Despite the horrible start to my morning, the birds are lively chirping outside of my window. Spring had always been a phase of the year that I would look forward to. I find it mesmerizing how everything suddenly springs back to life from the dead winter.

As I get to school that morning, I instantaneously notice something is weirdly different. People’s stares are all directed towards me, similar to the way they were in my dream last night.  I see Jake standing under the large cherry blossom tree with the rest of his football teammates. He grins as he spots me and signals me to come over to him. 

"Hey, Eric.” Jake announces as I reach him. The tree was a pink cotton candy cloud above our heads.

“Morning, Jake. . . And friends.” I add, gesturing towards the rest of the team.

“Any friend of Jake is a friend of ours.” Brandon Keegan, a wide-receiver on the football teams says to me. He’s a bit shorter than Jake, with black hair and chocolate brown eyes.

“You can teach them a few things about being less obnoxious.” Jake snorts.

Hey! We are not obnoxious. It’s the steroids. . .” Brandon snickers sarcastically.

“See? I said it once, and I’ll say it again- obnoxious.

“They seem tolerable.” I say shyly, my hands loops behind me

Tolerable? You mean completely intolerable.

We all laugh, and a reassuring feeling of belonging washes over me.

*          *          *

The rest of my day was reasonably okay for once. Alright, maybe it was a little more than just ‘okay’. At lunch, I got to sit at their table directly next to Jake. While I was sitting casually and laughing, he patted my hand under the table and looked up at me with a bashful smile. I’m not sure what to make out of everything that has been happening between us. I knew one thing for sure though- disregard the impossible.

I lay in bed now, waiting for an answer to these past two weeks. I desperately want to ask Jake how he feels about me, but I can’t rule out the possibility he may just want to be friends. The last thing I want to do is scare him away.

A thought occurs to me as I study the transparent, white ruffles in my curtains. Is it possible that Jake has been in my room more than once? He seemed to know where he was going the first time I found him in here. Coincidentally, he knocks on my door, and I don’t have to see him to know that he is the one behind the dark oak wood door. I’m not sure why this doesn’t surprise me.

“Hey. I enjoyed your company today.” he says as he quietly shuts the door behind him.

“No problem, Jake. I enjoyed yours as well.
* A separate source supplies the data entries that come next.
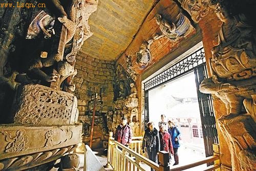 12月23日,大足[注: 大足县-大足县总面积1390平方千米。总人口92万人(2004年)。县人民政府驻棠香街道报恩村,邮编:402360。代码:500225。]区宝顶山大佛湾,游客在最新开放的毗卢道场洞窟参观。
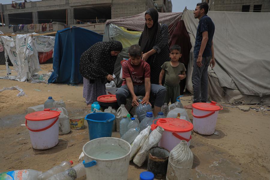 Palestinians are seen at a temporary camp in the southern Gaza Strip city of Rafah, on May 10, 2024. (Photo by Rizek Abdeljawad/Xinhua)
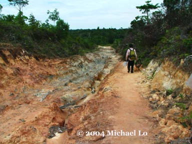 | July 14, 2004. This is our pay back time. My cousin was joining me and Zhou to explore the remote area of Sematan. After studying the Sematan map, we decided to explore another remote area of Sematan. This time we all have to hike as the road is too rough for my car to drive pass. Alas! This is the second day of hiking after coming back from the border of Kalimantan. My wounded left leg not fully recovered yet. | |||||||||||||||||||||||
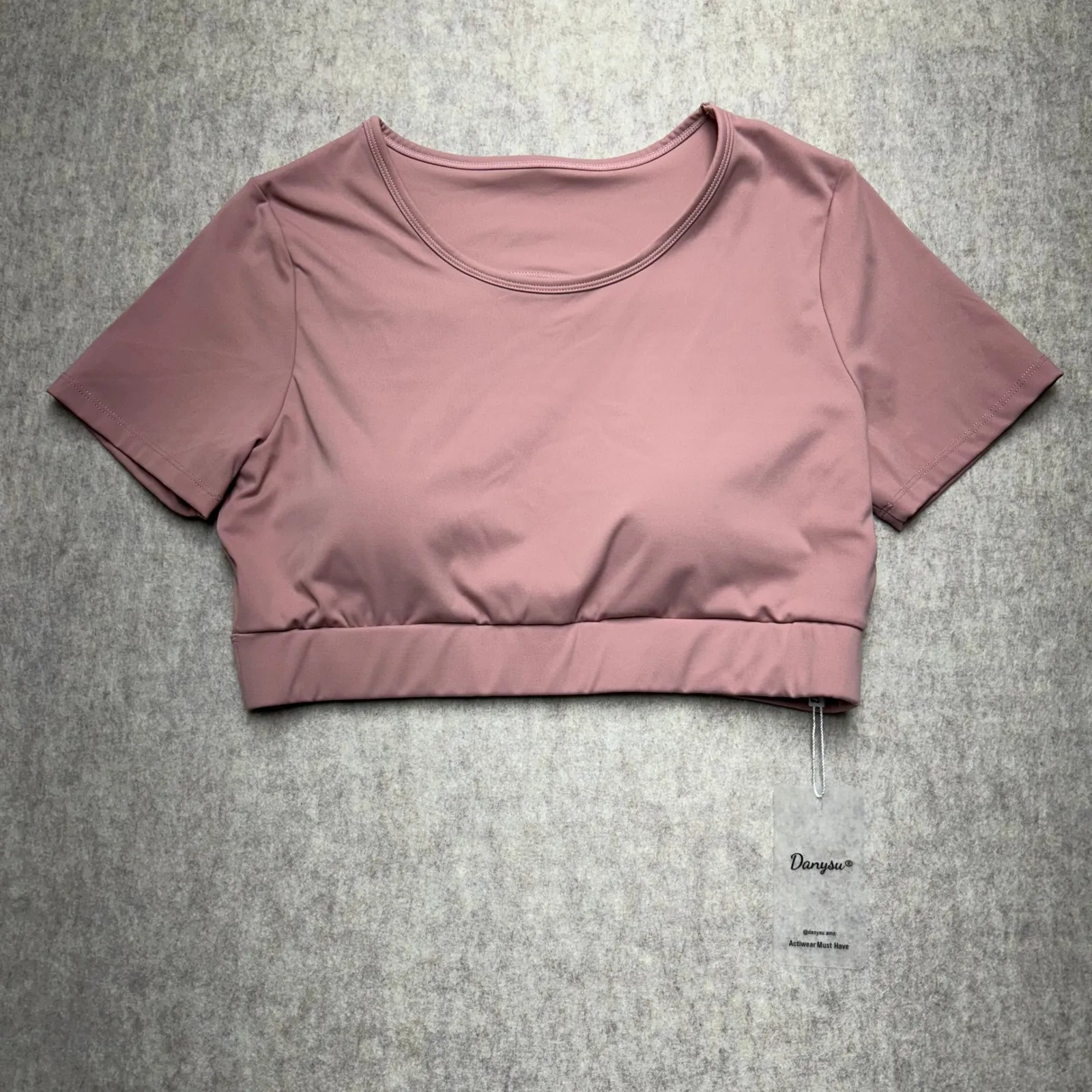 Mauve workout crop top designed for active lifestyles. This piece features a comfortable crew neck and short sleeves, complemented by a supportive elastic band at the hem. The open back design provides ventilation and a stylish touch, while an inner mesh lining offers added support and breathability. Perfect for yoga, gym workouts, or casual athleisure wear, this top combines fashion and function seamlessly. Built in bra. Color: Pink Department: Women Type: T-Shirt Style: Cropped Features: Open Back, Breathable, Elastic Waist, Mesh Lining Neckline: Round Neck Performance/Activity: Yoga, Gym & Training, Pilates, Cross Training, Walking Sleeve Length: Short Sleeve Fit: Athletic Closure: Pullover Keywords: workout top, crop top, activewear, gym top, yoga top, open back, mauve, darysu, athletic top, exercise top, short sleeve top, fitness apparel, sports top, cropped workout top
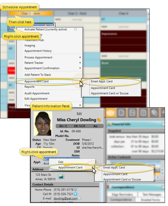 Right-click an appointment in the patient's Patient Information Panel, or in your Scheduler, or activate a patient in your Scheduler and select to generate an Appointment Card. When you select the email option, you can then choose to send the message to any email address associated with the patient. See "Appointment Cards" for details.
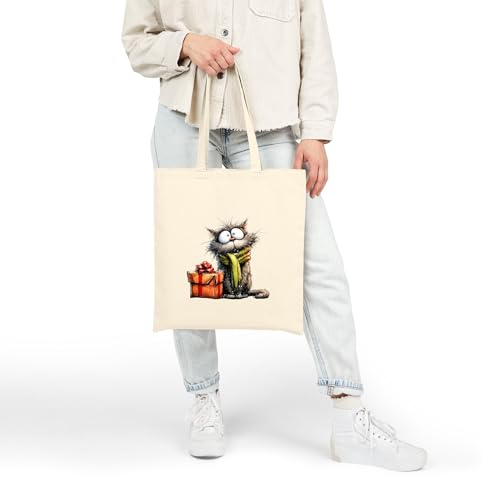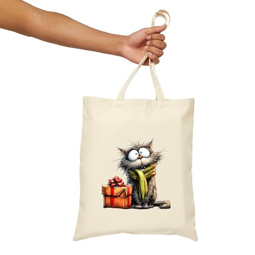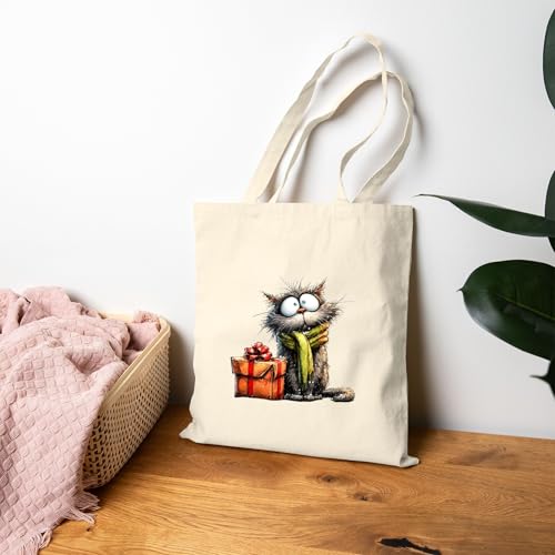 Generic - حقيبة قماش بسحاب بتصميم قطة وهدايا لعيد الميلاد للكريسماس، شنطة قطنية أنيقة صديقة للبيئة، مثالية للهدايا والتسوق في موسم الأعياد Canvas Tote Bag With Zipper-943
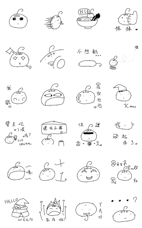 | スタンプ説明 | Fish ball is cute. Fish ball is always wears a bow. |

Your friends are shockingly nice.”

He hesitates for a moment and then responds, "They’re not all that great. They do talk about you- or did. I wouldn't lie. I think you might have shown them that you're a really cool person today and made them a little guilty.” His lips curl into a wide smirk. His smile still- always- makes me melt and have so many feelings inside- feelings I've never felt before.

“I know that, but everyone gets to redeem themselves at some time, right?”

“I guess. . . Anyways, I have to go downstairs. My dad thinks I’m going to the bathroom. I’ll see you tomorrow.”

I chuckle. "Definitely. See you later." I could feel my face pull upwards as I beam with joy. No one has ever made me this happy. He slips out of the door after giving me a two second long look- a look I couldn’t quite decipher. For once, I feel hopeful. I feel hopeful I might do the impossible and have his mutual feeling.

I am deeply infatuated by Jacob, and the truth is, all I could do right now is hope he feels the same. The truth hurts.